[Start of Attachment]

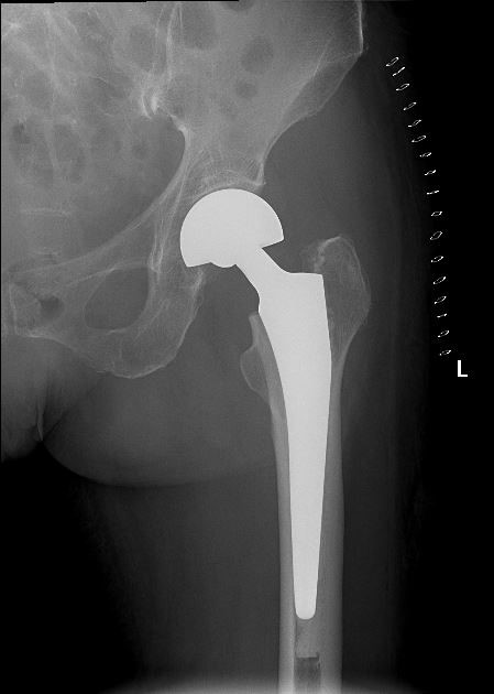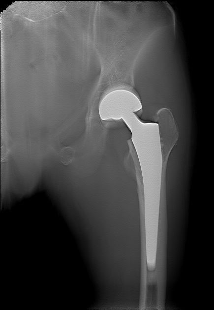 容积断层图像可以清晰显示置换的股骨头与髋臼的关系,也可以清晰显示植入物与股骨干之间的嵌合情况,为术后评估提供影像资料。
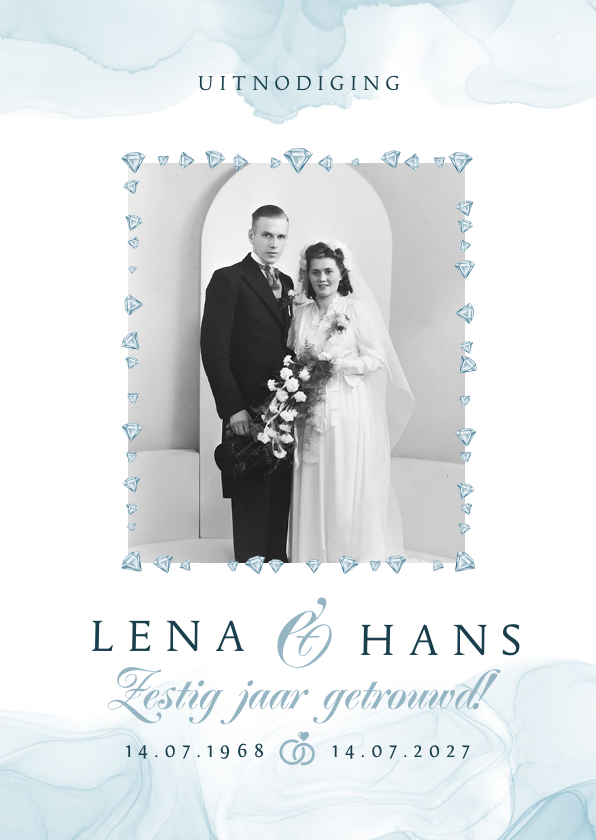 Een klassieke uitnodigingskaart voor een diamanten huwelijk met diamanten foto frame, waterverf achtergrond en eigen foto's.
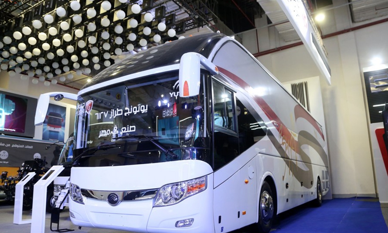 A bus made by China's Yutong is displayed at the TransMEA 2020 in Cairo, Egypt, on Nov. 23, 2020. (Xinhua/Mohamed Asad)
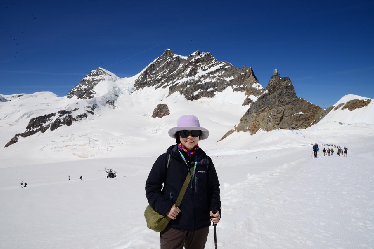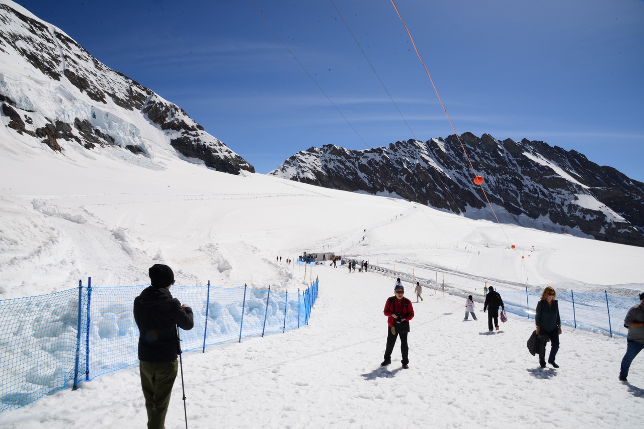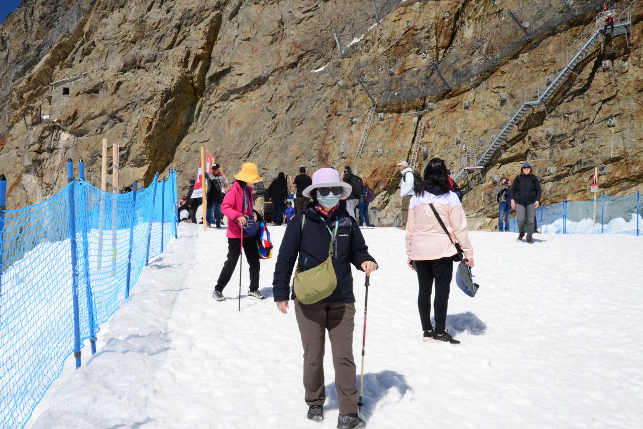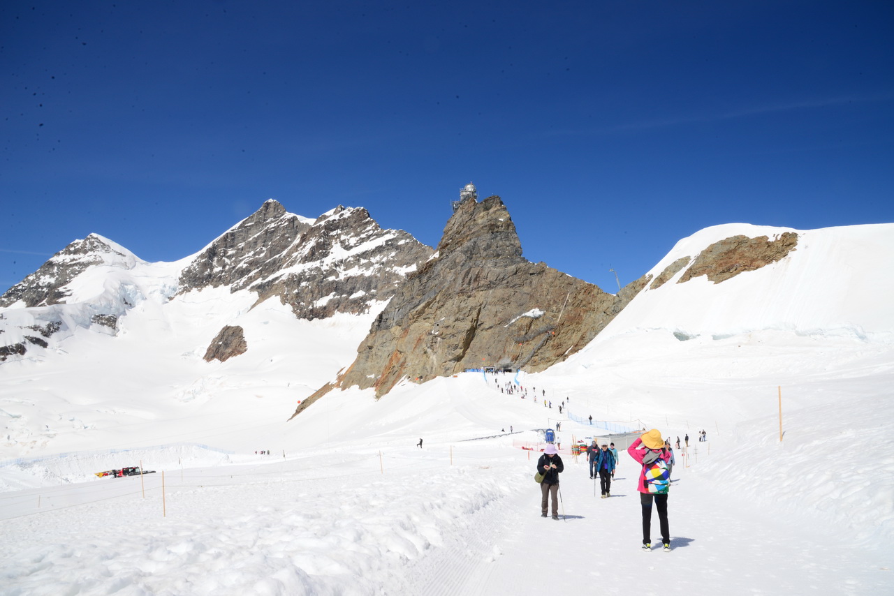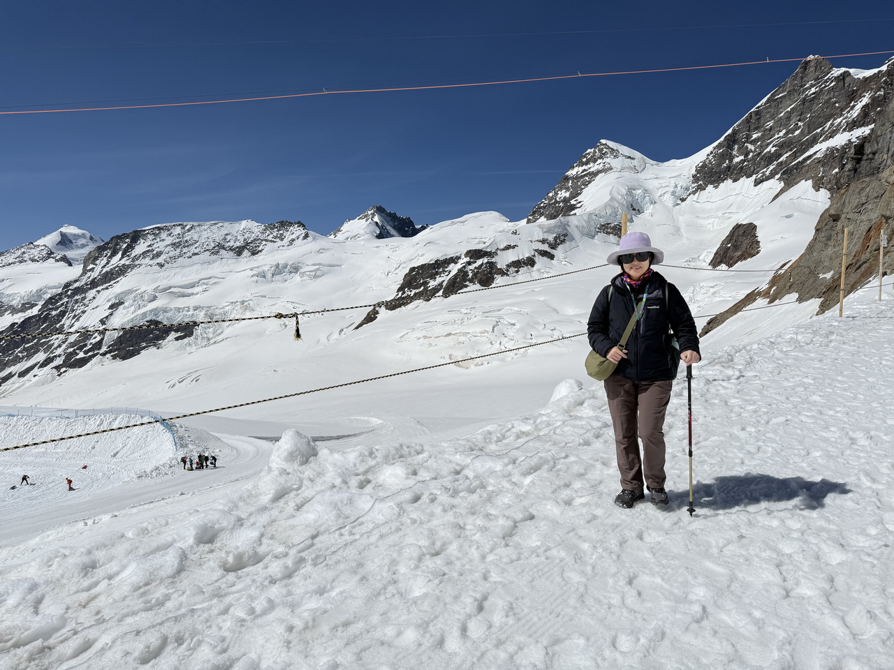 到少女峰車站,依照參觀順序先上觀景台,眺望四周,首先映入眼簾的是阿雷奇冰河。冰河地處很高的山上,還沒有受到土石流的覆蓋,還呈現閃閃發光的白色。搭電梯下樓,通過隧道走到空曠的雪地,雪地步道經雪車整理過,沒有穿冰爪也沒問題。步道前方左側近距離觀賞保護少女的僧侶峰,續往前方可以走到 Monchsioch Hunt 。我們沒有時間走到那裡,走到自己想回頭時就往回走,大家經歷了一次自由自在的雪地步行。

[End of Attachment]

Repeat, word for word, the lines of the material above from the one holding "Een klassieke uitnodigingskaart" through the one holding "A bus made by". Leave out pictures.

**Task solution**.
 Een klassieke uitnodigingskaart voor een diamanten huwelijk met diamanten foto frame, waterverf achtergrond en eigen foto's.
 A bus made by China's Yutong is displayed at the TransMEA 2020 in Cairo, Egypt, on Nov. 23, 2020. (Xinhua/Mohamed Asad)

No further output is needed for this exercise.